Жорка Блаженный | страница 32
Лидия своим ростом подавила меня. Поднимая руки, несколько раз задевала люстру, и, где бы ни стояла, казалось: она рядом.
И вот мы одни. Глотнув водки, протянула через стол руку и положила на мое плечо. Я замер: такая высокая женщина — будет что-то необычное. Потрепав мои волосы, выключила люстру и зажгла ночник…
Мы лежали на тахте, и я смотрел в потолок, побаиваясь такой необычной по высоте женщины. Будь сейчас со мной Оля, я бы давно был готов к бою, но около меня лежала Лидия, и моя кукурузина покоилась в правом паху, поникшая и испуганная.
Лида повернулась и провела рукой, нежно и медленно, по моей голове, шее и остановила длинные пальчики на соске. Погладив, принялась крутить его, как горошину, и, обняв меня, поцеловала в мочку; я ощутил: ее язычок проник в ухо, раздалось шебуршание, будто рядом мяли грубую бумагу. И тут вспомнил: вот уже несколько дней не мыл в ушах, и мне стало стыдно…
Лидия продолжала меня ласкать, и я почувствовал: скоро к бою буду готов. Еще немного, и я лег на нее, а она так широко раскинула и подняла ноги, что левая уперлась в стену, а правая, как мне показалось взметнулась чуть ли не до середины комнаты. Ноги она поддерживала руками, просунув под согнутые колени.

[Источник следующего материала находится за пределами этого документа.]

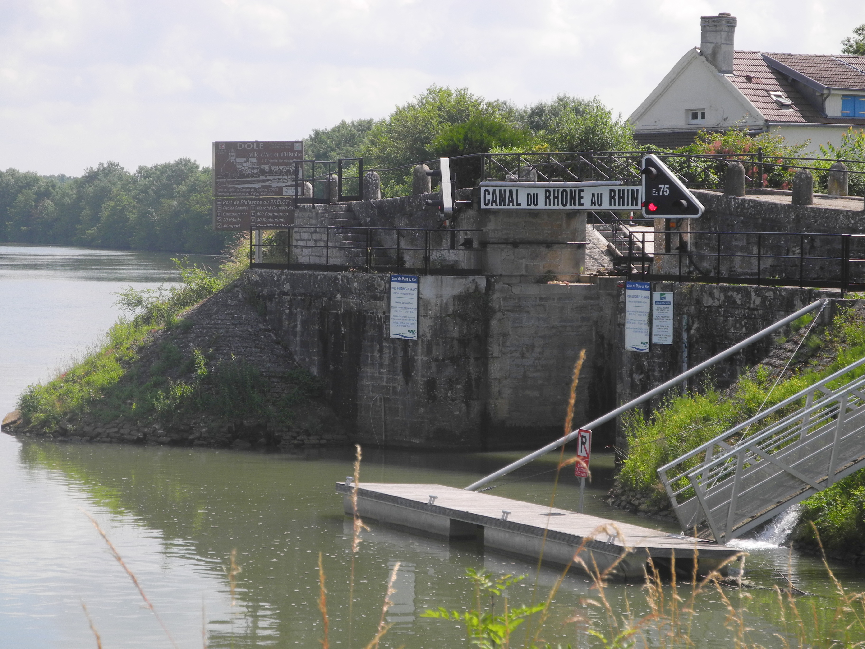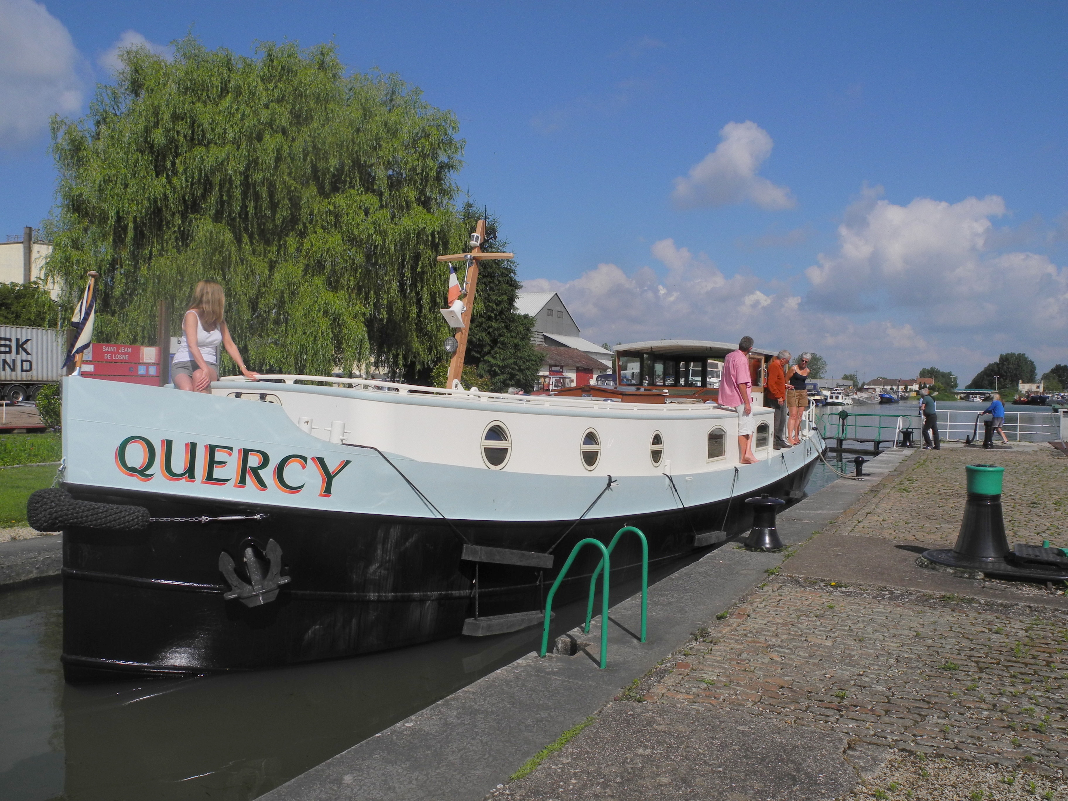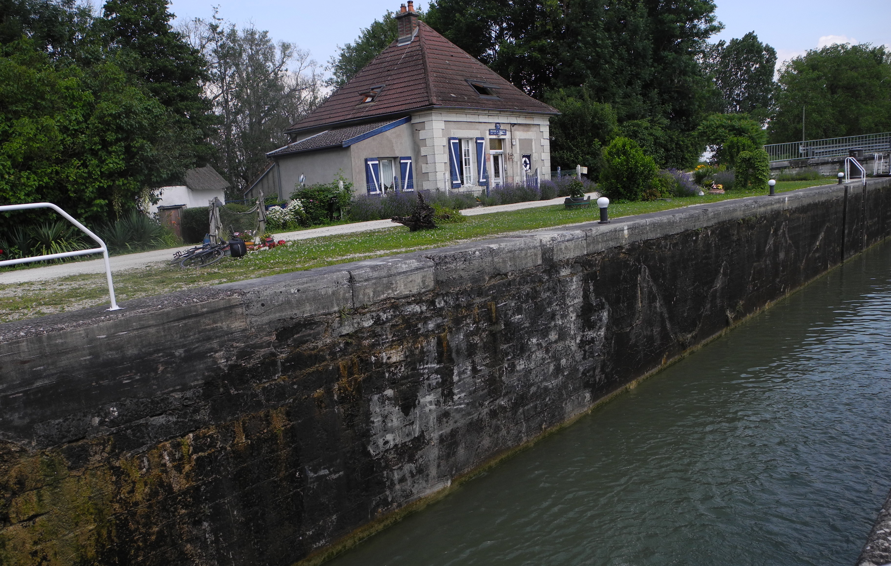 30th June. The other guest on “Jubilant”, Ulricht, took his boat that had been moored alongside, up to the old lock with Helen, Steve and Stephany along for the ride and a picnic. I was going off on a cycle ride down the tow path towards Dole but stopped by the lock to see them through.

Размеренно и искусно, без единого гортанного звука, отдавалась Лидия. Движения были отработаны, и, в какие бы позы ни становилась, мне чудилось: на тахте я не с женщиной, а с большой автоматической куклой…

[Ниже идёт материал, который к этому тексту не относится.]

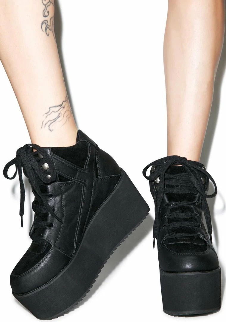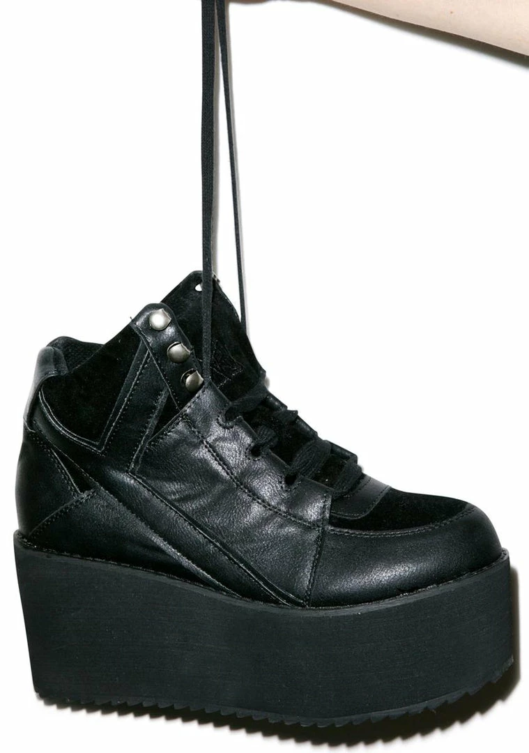 cuz when yer feelin lo, itΓ’ΒΒs time to get high! These monster platform sneakers feature a hi-top blacked-out design with a 4Γ’ΒΒ platform and a classic Γ’ΒΒYΓ’ΒΒ design on the side. Strut yer stuff in style with these stilts!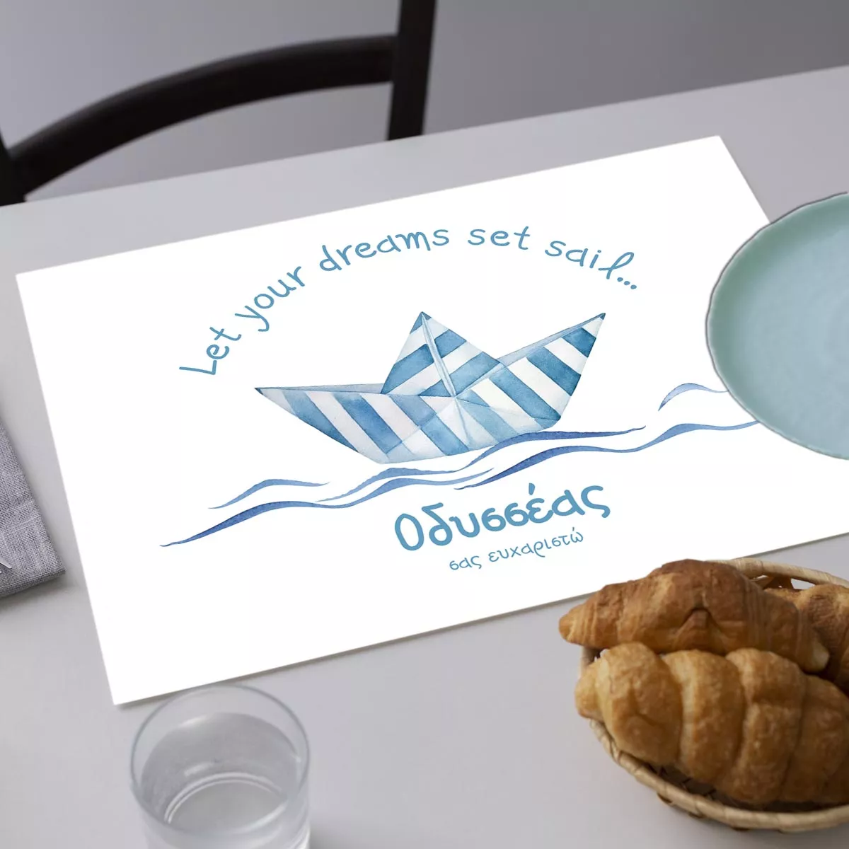 Δημιουργήστε ένα ονειρικό σκηνικό στη δεξίωση της βάπτισης με αυτά τα κομψά, θεματικά σουπλά. Το τραπέζι των καλεσμένων ή το τραπέζι ευχών αποκτά μια ξεχωριστή, ναυτική αύρα, καλωσορίζοντας τους αγαπημένους σας με έναν όμορφο και προσωπικό τρόπο.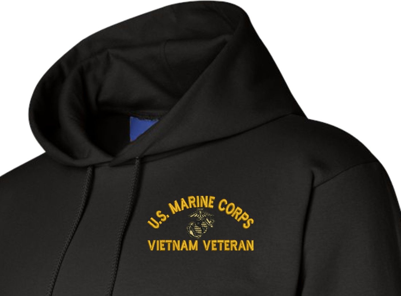MilitaryBest has expanded its line of apparel with this custom embroidered U.S. Marine Corps Eagle Globe and Anchor (EGA) Vietnam Veteran Hoodie. Each Hoodie is direct embroidered onto a Champion brand 9.5 oz 50/50 Cotton Poly blend. This U.S. Marine Corps Eagle Globe and Anchor (EGA) Vietnam Veteran Hoodie will make an excellent addition to your wardrobe, or a great gift. Your satisfaction is Guaranteed! This U.S. Marine Corps Eagle Globe and Anchor (EGA) Vietnam Veteran Hoodie is custom embroidered at our facilities in Scottsboro, AL.
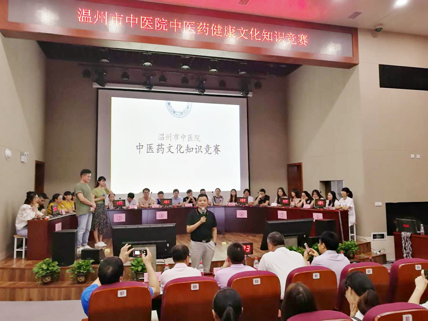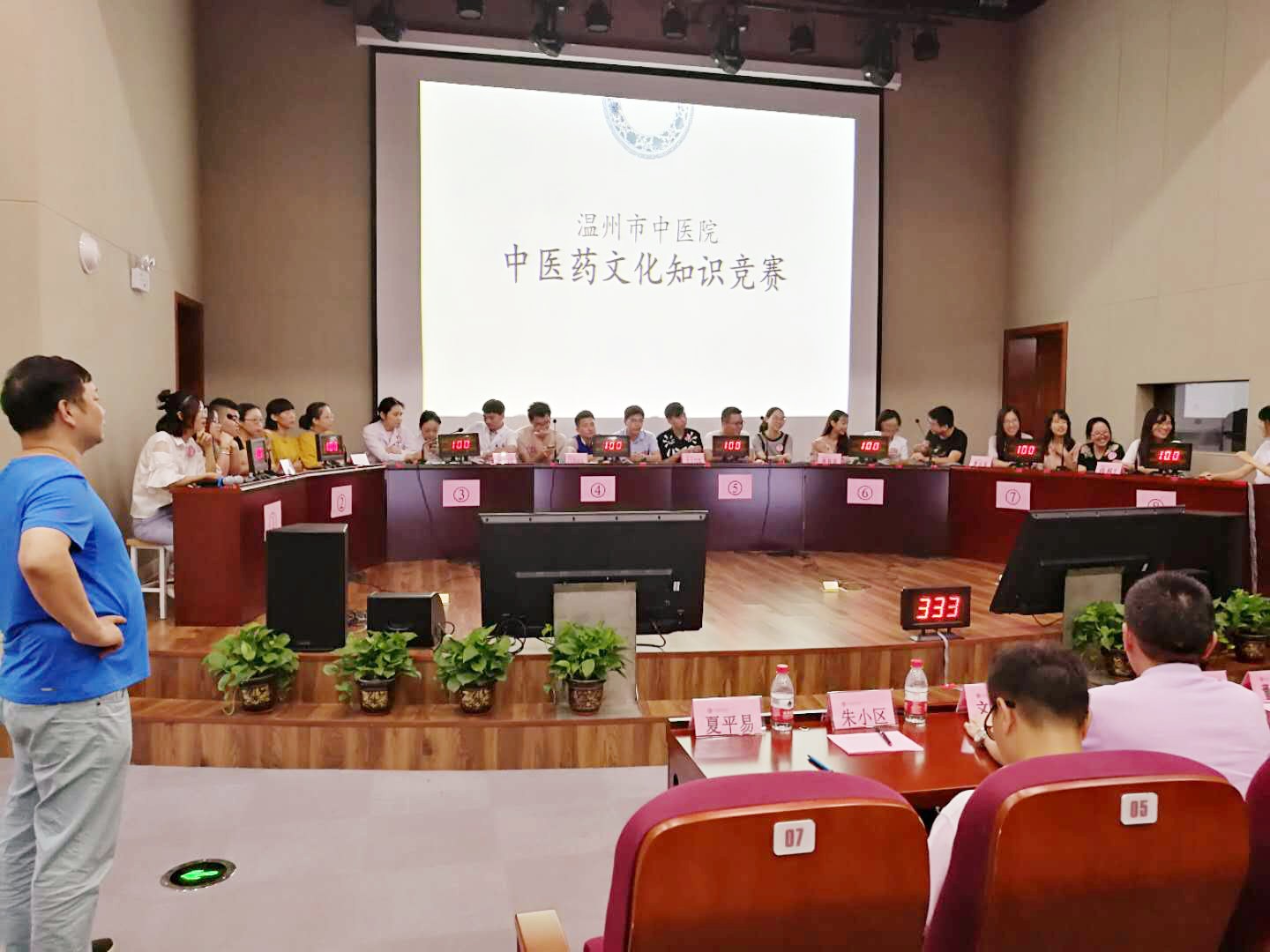 活动开始前,工作人员安排参赛队员进行桌号抽签。随后,中药房代表队(计楚君、李烜诚、朱晶晶),水心代表队(陈蕾蕾、胡欣欣、陈祥艳),内科2代表队(戴朝明、陈靓、刘云宵),门急诊代表队(王密、黄定靠、缪江),大士门代表队(项方家、刘曦、木林洁),外科代表队( 陈铂、李倩倩、赵玲玲),景山代表队(叶飞、陈佳君、杜倩),内科1代表队(管子函、叶影、陈妙)按照抽签结果对号入座,并佩戴队内队号袖标。

С книжного шкафа полетел «Капитал». Днем его просматривал, надеясь найти высказывание основоположника марксизма об экономической потенции сексуально развращенной женщины в коммунистической формации, чтоб до конца понять мое зыбкое положение в замордованном обществе без горы бутылок, но с темпераментной женщиной на новой тахте. До сих пор не пойму, как Лидия ногами достала до шкафа, ведь до него — более метра! Она подняла «Капитал» и положила оба тома перед тахтой. Я встал на книги, она на широко раздвинутые колени и уперлась головой в стену.
Любовь продолжалась…
Меня так измучила Лида — ну все, больше не могу, но она была ненасытная и вдохновенно кукурузину поднимала. Наверное, и у мертвого смогла бы поднять.

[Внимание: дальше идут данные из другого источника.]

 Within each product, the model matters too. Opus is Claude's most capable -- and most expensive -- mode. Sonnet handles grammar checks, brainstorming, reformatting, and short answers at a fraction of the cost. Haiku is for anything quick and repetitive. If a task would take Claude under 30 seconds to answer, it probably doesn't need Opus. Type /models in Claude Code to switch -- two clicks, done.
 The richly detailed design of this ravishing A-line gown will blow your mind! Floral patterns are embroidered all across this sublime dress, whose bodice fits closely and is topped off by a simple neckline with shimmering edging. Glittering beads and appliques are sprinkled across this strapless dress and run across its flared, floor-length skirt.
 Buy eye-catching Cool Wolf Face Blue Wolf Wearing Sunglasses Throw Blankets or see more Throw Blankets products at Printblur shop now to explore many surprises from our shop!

Читая газеты, вижу: сколько при перестройке рождается новых партий! Но никто не надоумился сколотить партию дураков или душевнобольных. Лидера, видно, нет. А что, если мне взяться? Схожу на пятачок к «Московским новостям» и поагитирую. Уверен, сподвижники найдутся. Для затравки напишу устав и программу, в почетные члены возьму выдающихся людей, кто страдал душевной болезнью. Так, кого из русских взять? Прежде Чаадаева, Батюшкова, Гаршина… А из иностранцев? Можно Ницше, Ван Гога, Эдгара По… Хватит. Почетным председателем изберем своего… Лучше Чаадаева.